Default assigns a value to the (entire) record.
- In this case the value is zero / nil.
- In this case the record and the field in it are the same thing (so the record could have padding)
So in this case it does the same change as the ":= nil" => but it may use different assembler code. And that may mean the code occupies a different count of bytes. And subsequent code gets shifted. => changing alignment (in this case of the loop) => having effects on how fast it runs.
Your CPU does a lot more than you expect.
"mov rax, [address]" (move data between mem and register)
The CPU produces a whole program from that. So called micro-ops. And those get executed. That translation can be cached. And that can have an effect on the speed.
But caching at bounds is not all.
Sometimes a list of steps can be changed in order, still meaning the same (e.g. "A:=1; b:=2;" can be swapped). That also happens sometimes with conditions and other specific ops.
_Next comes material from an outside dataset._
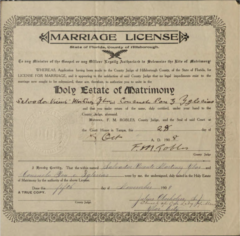 In addition to opening the first cigar factory, Vicente also created the Florida Brewing Company, later led by his son, Salvador, Sr. In addition to working in the family businesses, Salvador, Sr., was also very involved in civic organizations and served as the president of El Circulo Cubano, a prominent and influential mutual aid and cultural organization in Ybor City.

Depending on the order, the speed may differ (And no, don't try to reorder your Pascal code => that wont do no good.
This is about the assembler level. You can't affect that)
Because, if in the correct order, your CPU can do them in parallel. But only if in the correct order.
And there are way more things affecting speed.
What you can affect, is in which order to access data in memory. And this can have an impact on cache usage (data/memory cache).
And looking at algorithms used: Keyword "Big O"
Then again => Is that code actually worth the optimization?
How often is it called? How much percentage time of your app does it take? If you speed it up by 5% (in real life, not in an artificial benchmark), how much does your app gain?
Because lets pretend that code makes it to 10% of the runtime of your app. And you speed it up by 5% => Your app will be only 0.5% faster.